Bernie SandersBernie Sanders Texas House Republican tests positive for coronavirus in latest breakthrough case In defense of share buybacks Progressives seething over Biden's migrant policies MORE on Monday night defended his record in support of women's rights and walked back his previous comments on Planned Parenthood.
"I have a 100 perecent pro-choice voting record," the presidential hopeful said, adding that he worked to stop Republicans from defunding the organization and sought to "expand funding for Planned Parenthood."
Last week, Sanders on "The Rachel Maddow Show" characterized Planned Parenthood and the Human Rights Campaign — two groups that have endorsed rival Hillary ClintonHillary Diane Rodham ClintonDemocrats worry negative images are defining White House Heller won't say if Biden won election Whitmer trailing GOP challenger by 6 points in Michigan governor race: poll MORE — as being "part of the establishment."

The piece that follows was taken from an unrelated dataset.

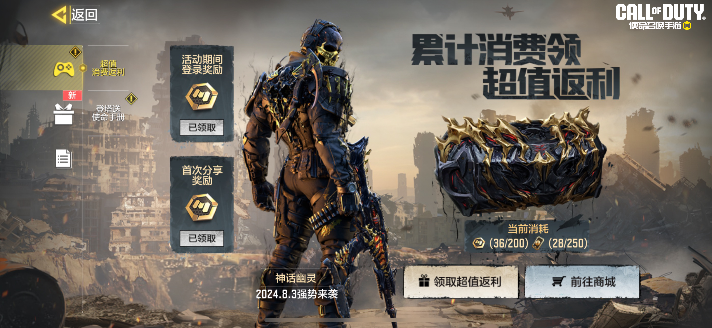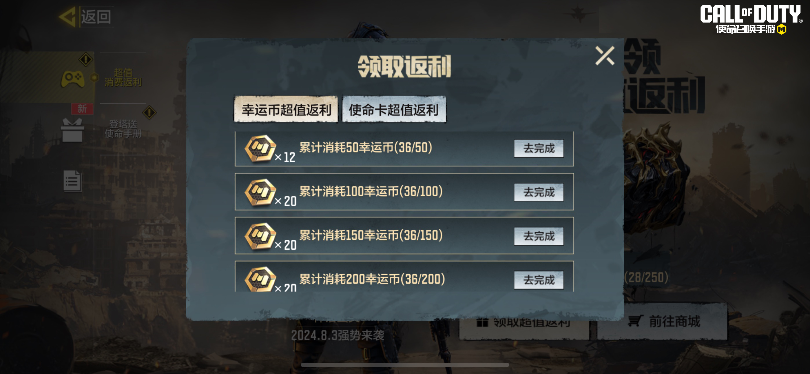 除了充值返利以外,累计消费领超值返利活动也将正式接棒。8月2日-9月7日,战士们完成特定消费任务,即可领取使命卡片、幸运币等超值奖励!

Sanders conceded at CNN’s Democratic town hall in Des Moines that his past comment calling Planned Parenthood "part of the political establishment" opposed to his campaign was worded poorly.
He said that his remark was referring to the organization's endorsement of Democratic front-runner Hillary Clinton.
"Now what I said on a television program, I didn’t say it well," the Vermont senator said. "My point is these are great organizations."
"Count me in as someone who strongly supports them."
Sanders made a pitch for pay equity and raising the minimum wage to $15 an hour. "We have got to raise the minimum wage to a living wage that will impact all people and impact women more than men," he said.
Sanders also challenged Clinton about expanding Social Security, asking whether she plans to support lifting a cap on taxable income. He argued that by doing this, low income seniors, including women, will benefit.
The forum is one last chance for the Democratic candidates to deliver their final pitches to voters in the Hawkeye State one week ahead of the caucuses.
Recent polls show Sanders has closed the gap in Iowa and surpasses Clinton in New Hampshire.